One trader said that the “short-dated paper got hit the most,” seeing the 8¼% notes due 2018 in a 59 to 60 context.

That was down from 66 in early trading.

The 9¼% notes due 2017 meantime traded “either side of 50,” down from 56.

A second trader said the 8¼% notes ended off almost 6½ points at 60 1/8, while the 7½% notes due 2021 fell almost 3 points to 40.

He pegged the 6 7/8% notes due 2024 at 41, off just a quarter-point.

Federal regulators planned to inspect the damage done at the platform, which was probably a result of getting hit by a passing vessel. The fire – which took place about 5 miles south of Port Fourchon, La. – was extinguished and no one was hurt.

The Houston-based offshore oil producer reportedly said that there was no oil spill but that natural gas bubbles could be seen coming to the water’s surface.

“Oh boy, that’s not good,” a trader said.

Magnum Hunter down

Magnum Hunter Resources’ 9¾% notes due 2020 were lower Friday as the company held a conference call “to discuss recent macro-economic and other global events and trends affecting the energy sector in general, including their general influence on Magnum Hunter's business and operations,” according to a press release.

A trader deemed the debt off 3½ points at 69½.

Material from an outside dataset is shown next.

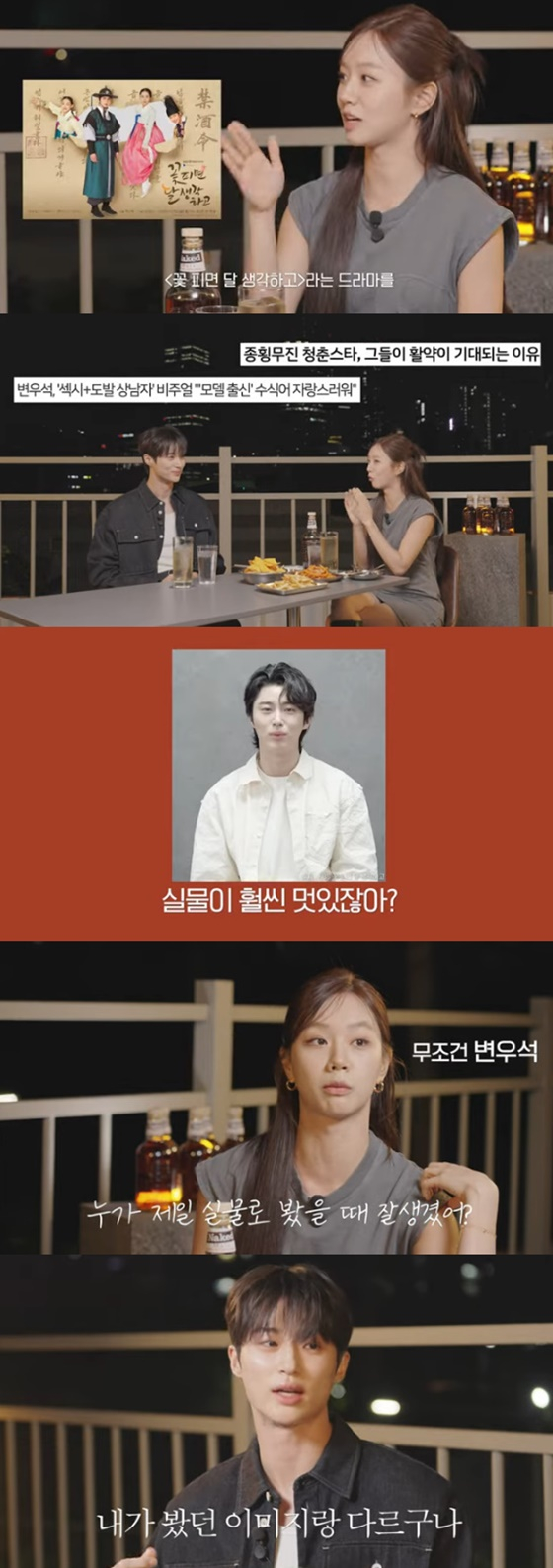 변우석과 혜리는 서로의 첫 인상을 공개했다. 혜리는 "'꽃 피면 달 생각하고' 같이 할 때 변우석이 (출연) 한다고 해서 검색을 했다. '모델 출신 배우', '유망주 같은 배우'라고 돼 있더라"고 말했다.
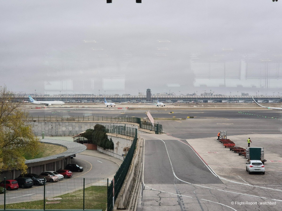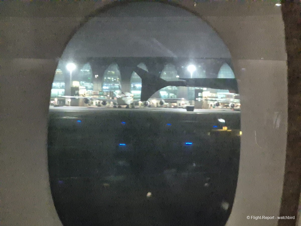 La vue depuis le hublot sur notre voisin de World2fly et vers le terminal.

Earlier in the week, the company reported that its proved reserves had increased 25% year over year. That was also a topic to be discussed on the call.

But following that announcement, Standard & Poor’s took negative action on the company’s ratings, lowering it to CCC+ from B-.

The rating agency said it believed EBITDA would not be sufficient to cover interest expenses and capital expenditures. S&P also noted that Magnum’s liquidity position could come under pressure.

Ocwen faces default trouble

Ocwen Financial debt was weaker Friday following news that the company had been issued a notice of default.

A trader said the 6 5/8% notes due 2019 closed at 77, down from opening levels in an 84 to 85 zip code.

The term loan dropped to 93½ bid, 94½ offered from 94 bid, 95 offered as an accusation emerged that defaults existing under Ocwen Loan Servicing, LLC’s indenture for series 2012-T2 and series 2013-T3 notes issued in connection with the HLSS Servicer Advance Receivables Trust (HSART Trust), according to a trader.

The accusation came from BlueMountain Capital Management LLC, the investment manager of funds that hold some of the notes.

BlueMountain claimed that Ocwen breached covenants to comply with applicable laws and requisite servicing obligations, breached a warranty in the senior secured term loan agreement and a subsequent amendment that it is not in violation of any law that could reasonably be expected to cause a material adverse effect on its business and financial condition, and failed a collateral test.

Additionally, BlueMountain says the default should trigger early amortization and a 3% increase in the interest rate on the notes.

Ocwen is an Atlanta-based servicer and originator of mortgage loans.